Cyberkriminelle Gruppe will Datensätze erbeutet haben und sie im Darknet zum Kauf anbieten. Seitens des Flughafens wird versichert, es seien keine passagierbezogenen Daten betroffen.
Person mit Kapuze vor Computer, grüner Hintergrund mit Codes.

Eine cyberkriminelle Gruppe behauptet, den Flughafen Wien gehackt zu haben. Die Hackergruppierung "Bashe" will eine Vielzahl von Datensätzen erbeutet haben und sie im Darknet zum Kauf anbieten

Der Flughafen Wien AG sollen die angeblichen Hacker eine Frist gesetzt haben, um die Daten zurückzukaufen, bevor sie veröffentlicht werden. Das Unternehmen dementiert eine großangelegte Cyberattacke.

Mehr als eine halbe Million E-Mails und über 4.470 Dateien will die Gruppe gestohlen haben und zum Kauf anbieten, berichtet der „Standard“ und verweist gleichzeitig auf „erhebliche Zweifel“ an der Darstellung. Als Beweis für die Cyberattacke soll die Hackergruppe Frachtpapiere des Flughafens im Darknet veröffentlicht haben.

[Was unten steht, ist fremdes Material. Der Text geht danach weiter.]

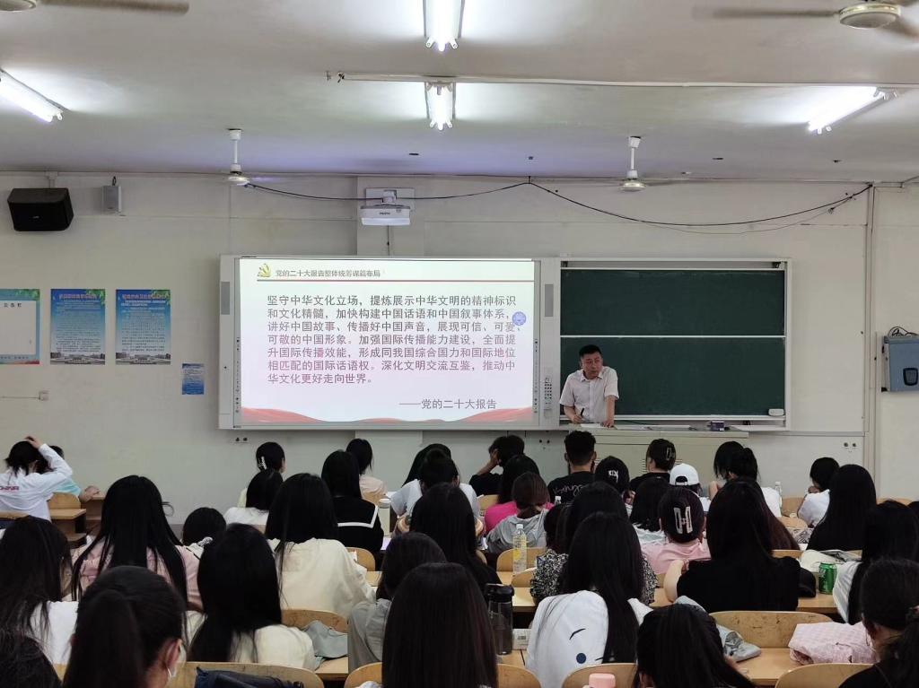 为深入推进学习贯彻习近平新时代中国特色社会主义思想主题教育走深走实,6月1日下午,外国语学院组织开展了党委书记专题讲党课活动,党委书记于江讲授了题为《准确把握党的二十大报告的丰富内涵》的专题党课,全体学生党员及入党积极分子参加学习。

„Alte und bedeutungslose Aufstellungen“

Tatsächlich sollen alte Frachtdokumente aus dem Jahr 2025 im Internet aufgetaucht sein, bestätigte Flughafen-Sprecher Peter Kleemann der APA. Dabei handelt es sich laut Kleemann aber um „alte und bedeutungslose Aufstellungen zur Verladung von Frachtgütern in Flugzeugen“.

Der Betrieb des Flughafens sei in keiner Weise beeinträchtigt und laufe plangemäß. Passagierbezogene oder betriebskritische Daten seien nach derzeitigem Wissensstand nicht betroffen. Die Dokumente, die im Darknet aufgetaucht sind, dürften aus einem einzelnen Postfach entwendet worden sein, so der Flughafen-Sprecher.

Noch keine Forderungen

Die Hackergruppe habe bisher auch keinen Kontakt zum Flughafen Wien aufgenommen oder Forderungen gestellt. „Der Flughafen Wien arbeitet an der Aufklärung dieses Sachverhalts, ist mit den zuständigen Behörden in Kontakt und hat zusätzlich zur eigenen IT-Abteilung auch externe Cybersecurity-Experten hinzuzogen“, so Kleemann.